I’ve made it to two weeks of abstinence. My first day back at work was stressful, (new surroundings, new people and new cows!) and the dairyman smoked in front of me. I didn’t know whether to hug him or choke him. It smelled SO GOOD. I also did what I used to do with food when I was stressed- binge. On the way home, I caught myself doing the familiar thing of looking for somewhere to stop, but this time to buy cigarettes and matches, not food. Funny how some habits stay the same?
I sped home in quick time, and was so relieved to be in the house. At home is a ‘safe’ place now, as there are no temptations and I feel no urge to smoke when I’m in the house. I realised that I’ve kind of been ‘hiding’ at home to stay away from cigarettes and that I’m going to have to integrate myself back into society at some point. I suppose work will be the first step.
I still can’t admit that I feel any ‘healthier’ for stopping, but that will take time. My sense of smell is improving, and I’ve also found out I actually don’t like Doritos! I’ve only ever eaten cheese Doritos as a smoker, and I’ve always loved them. I now realise that they have a horrible, artificial aftertaste and they ain’t all that. Being pretty hefty in ProPoints, I suppose this is a good thing! So my taste buds must be returning to their former glory too……..
Oh man. This has been tough. LOVING my Saturday weekly class, so nice to have a regular meeting. I was given the option of Simple Start at my meeting- a two-week programme to give the weight-loss a great start to the New Year. I looked through it, and it smacked of Healthy and Filling. I do not like Healthy and Filling. I have no mechanism in my brain that tells me I’m full. At my heaviest, I’d eat until I was gagging and sometimes until I was physically sick. I need the portion control of weighing and measuring and counting ProPoints. With simple start, you can eat as much as you want from a restricted food list, and are allowed two little treats a day.
My leader persuaded me to give it a go, and as you can see, I lost weight this week. I did say I was going to see it through the full two weeks. I’m not. And here’s why:
Yep, I lost 1.5 lbs. Great. First week back after a holiday? You are kidding, right? My first week of WWs I lost 8lbs. I’ve always been a person that loses a lot the first week back. Last return after a holiday I’d put on 6 lbs and took it straight back off again in a week. What happened this week was not normal, especially since I ran nearly 30 miles this week. I know my body, and this tells me I overate all week.
More importantly, I worried all week about food. It took over my life. I couldn’t sleep for worrying and trying to justify what I’d eaten to myself.

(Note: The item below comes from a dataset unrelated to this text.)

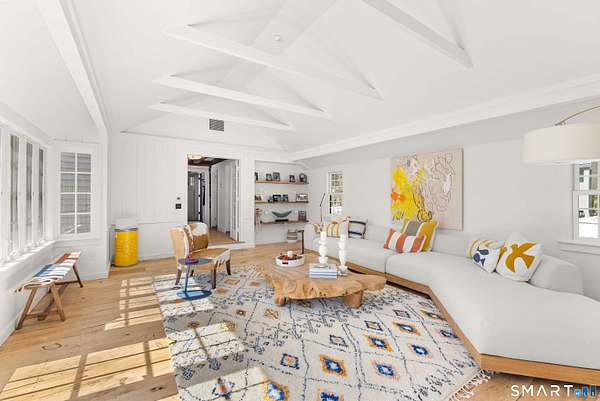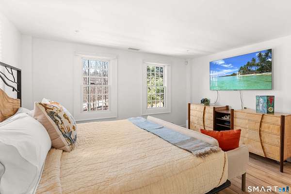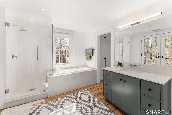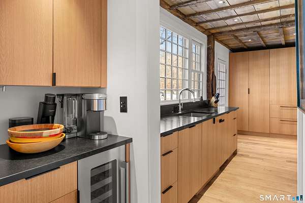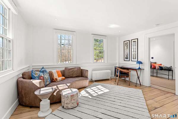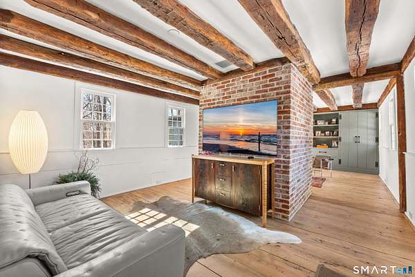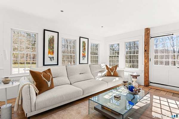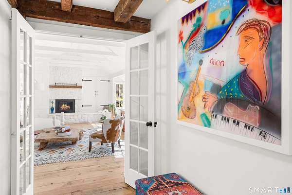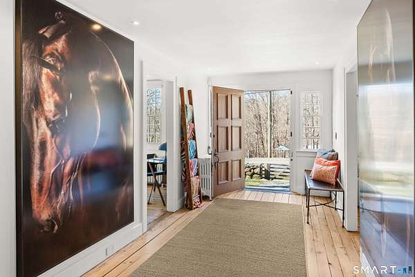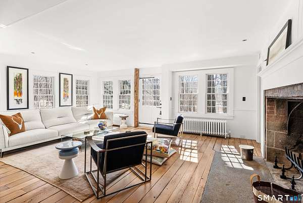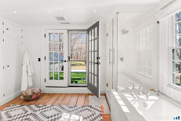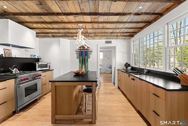 The Jesse Peck Lambert Homestead, built in 1805 & thoughtfully restored, provides a seamless blend of historic charm & modern comfort. Set on 6.42 acres in Northern Woodbury on the Washington border just 2 hours from NYC, this 4-bedroom/3.5-bath home provides a serene escape with timeless appeal. The newly designed kitchen is a chef's dream, featuring custom rift-sawn white oak cabinets, oiled soapstone counters, a Sub-Zero fridge, Wolf 6-burner range & burnished nickel Waterworks fixtures. Every detail has been carefully curated, from soft-close drawers to premium finishes. Historic touches abound, including heartwood floors, an open hearth fireplace with a beehive oven & original millwork with hand-forged cast iron hardware. The primary bath is a spa-like retreat with a cast iron soaking tub, stone surround & custom vanity, while modern updates enhance the other baths with style & practicality. All new custom Anderson 400 Series windows flood every room with light while preserving the home's historic proportions. The large flat property invites outdoor enjoyment with a tranquil pond, mature 200-year-old trees & fenced-in vegetable garden. A restored English barn with a loft, 11-foot custom insulated steel barn doors, insulated and propane-heated garage, floor drains & updated electrical systems provide space for projects, storage, or entertaining.

Today I went back to pro pointing. I’m going to try and salvage what’s left of my week and stick to what works for me. There is no point ( hah! That was actually an unintended pun) in trying to do something that makes you uncomfortable and miserable.
I also felt deprived. Flora on my crumpet is a ‘treat’? Get out. If I have a pint of beer I can’t have any flora? Stop it. For the first time in YEARS I felt as if I was on a diet. Restricted. I know it is only meant as a temporary measure, but I’d really like the last week and a half of my life back and to be able to ProPoint from the first day- I can say for sure I’d have seen a better loss at the scales this week and I wouldn’t be trying to salvage what’s left of this week.
I’m glad I tried, and I know now that if I get fed up counting, weighing and measuring that I can have a H &F day once in a while and it’s not going to derail my efforts, but it’s not going to be a regular gig for me.
Do what’s right for you, folks- it’s good to mix things up a bit, but go with your instinct- it’s probably right.